Exclamo, mientras el sonido de un disparo certero da en el hombro de Lorenzo que suelta la navaja y cae de rodillas en el suelo. Corro hacia Enzo y cubro la herida.
—¡Vamos, Enzo reacciona! ¡Llamen a una ambulancia!
—No pretendo morirme, Cicarelli—dice en un susurro y me da una sonrisa—Gracias…
—Ya tendremos tiempo de hablar, ahora vamos a que curen tus heridas, vas a estar bien.
Uno de los hombres de Antonio me ayuda a soltar a Enzo de sus amarras y entre los dos lo levantamos de esa mesa, con cuidado de no soltar el pañuelo de mi madre lo apoyo para que apoye su peso en mi.
A los minutos, llegan más efectivos policiales y unos paramédico aue revisan a Enzo y al viejo Di Rossi. Cuando ya todos están esposados aparece el tal Miles aparece en escena.
—Bien hecho, muchachos. Los felicito. ¿Cómo te sientes?—le pregunta a Enzo que está recibiendo unas puntadas en el cuello.
—Como la mierda, pero gracias a Lorenzo y Antonio sobreviviré.
El paramédico nos dice que tiene unas cuantas costillas fracturadas y que debe ir al hospital, pero como mi amigo es un tanto testarudo se hace el valiente y me pide que lo ayude a levantarse. Se apoya en mi hombro y me pide acercarnos a su tío.
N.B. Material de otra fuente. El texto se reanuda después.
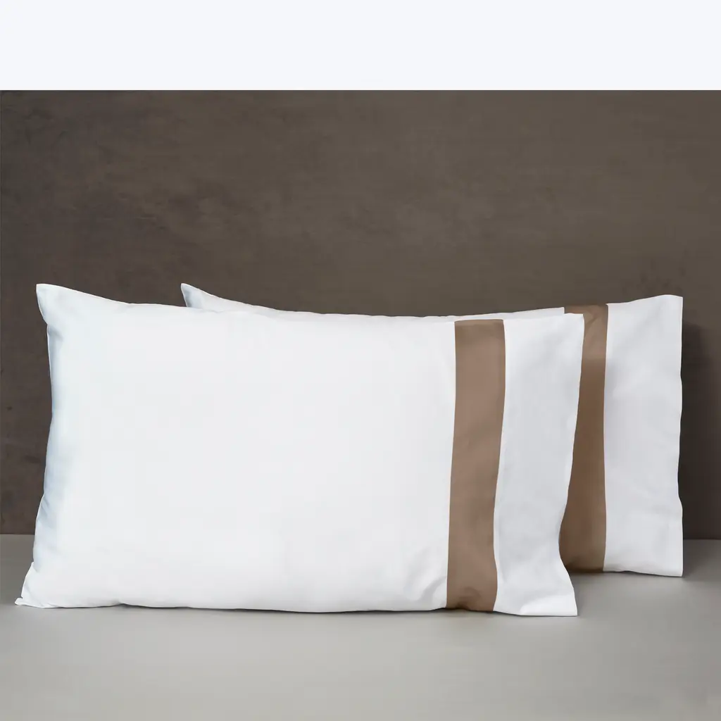 Discover the Aida Sheets & Pillowcases by Signoria Firenze. Crafted in Italy in 100% extra-long staple cotton sateen with a 300 t.c., this lustrous set couples comfort with elegant contemporary design. Sheets available in Twin, Queen, and King sizes. Pillowcases offered in Standard and King. Pair with the Aida Duvet & Sham, White/Brown. *All sold separately

—¿Qué quieres maldito infeliz?
—Ni aún sabiendo que no podrás hacer nada dejas de ser una mierda, tío querido.
—Debiste haber muerto con tus padres esa noche.
—Pues parece que el destino no lo quiso así. Ahora, pagarás por todo el daño que has hecho.
—Ustedes dos algún día me las pagarán.
—Te estaré esperando, no te tengo miedo. Vamos, Lorenzo. Es momento de ser libres.
Caminamos apoyándonos el uno al otro, con Enzo no solo había logrado mi libertad, sino que también un hombro en el cual sostenerme y eso era solo el comienzo de nuestra amistad, una que sería puesta a prueba por las decisiones que deberíamos tomar.